Differentiating $f(-x) = f(x) \exp(-x)$, we have $-f'(-x) = (f'(x) - f(x)) \exp(-x)$. If $f$ is to be monotone increasing we'll need this to be nonpositive, so $f'(x) - f(x) \le 0$. You could take

$$f(x) = \cases{1 + x & for x \ge 0\cr (1-x) \exp(x) & for x < 0\cr}$$

EDIT: But there is an analytic solution, namely

$$f(x) = \frac{x e^x}{e^x-1}$$

• Another question would be to prove that no such function can be analytic. Sep 2, 2016 at 23:29
• @MarkFischler ... but not a correct question. Sep 3, 2016 at 0:01
– robjohn
Sep 3, 2016 at 1:57

Lots of functions work, e.g.

$$f(x) = \left\{\begin{array}{cc} x + 1 & x \ge 0 \\ e^x ({1 - x}) & x < 0\end{array}\right.$$

I came up with this in two steps:

• Hoped that $f(x) = x$ for positive $x$ works. It doesn't, because it's zero at zero.

• Fix this by adding $1$, or any positive number to it.

• (Promoting my comment to an answer at the request of the asker)
– user296602
Sep 2, 2016 at 23:26
• I like these two steps. +1 Sep 2, 2016 at 23:34

The odd part of $\log(f(x))$ is \begin{align} \frac12\left(\vphantom{\frac12}\log(f(x))-\log(f(-x))\right) &=\frac12\log\left(\frac{f(x)}{f(-x)}\right)\\ &=\frac x2 \end{align} Therefore, $f(x)=e^{\frac x2+g(x)}$ where $g(x)$ is an even function.

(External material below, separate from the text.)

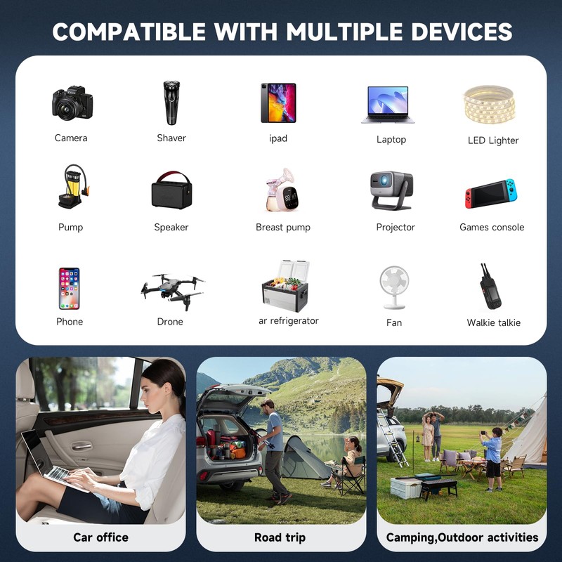 • 【Built to Last and More Safety】The aluminum alloy housing provides sturdy housing protection and effectively dissipates heat, ensuring efficient operation for a long time. Built-in advanced MCU intelligent chips, automatically identify the voltage and current required by different devices, preventing machine overheating, undervoltage, overcurrent, overvoltage, overload, and short circuits.
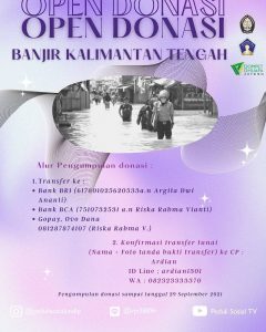 Banyak warga yang terdampak banjir kesulitan dalam beraktivitas karena akses transportasi tidak bisa dilalui. Untuk itu, UKM Peduli Sosial membuka donasi untuk membantu saudara-saudara kita yang terdampak banjir yang nantinya akan digunakan untuk memenuhi kebutuhan dasar ataupun perbaikan fasilitas umum.

We also want $\lim\limits_{x\to\infty}\left(\frac x2+g(x)-\log(x)\right)=0$. Thus, let $g(x)=\log\left(\frac{x/2}{\sinh(x/2)}\right)$ and get \begin{align} f(x) &=\frac{x/2\,e^{x/2}}{\sinh(x/2)}\\[6pt] &=\frac x2\left(1+\coth\left(\frac x2\right)\right) \end{align}

• Unfortunately, this is not monotone increasing? Sep 3, 2016 at 0:13
• I fixed $g(x)$. It should now be monotonic.
– robjohn
Sep 3, 2016 at 1:10
• this is very interesting Sep 3, 2016 at 2:23
• @NeilG: as I commented on Robert Israel's answer, this turns out to be the same as his analytic answer.
– robjohn
Sep 3, 2016 at 2:26
• @NeilG: $\frac{x\,e^x}{\operatorname{expm1}(x)}$ may work better.
– robjohn
Sep 3, 2016 at 4:04

$f(x)=e^{x}(-x+1)$ when $x<0$ and $f(x)=x+1$ when $x\geq 0$.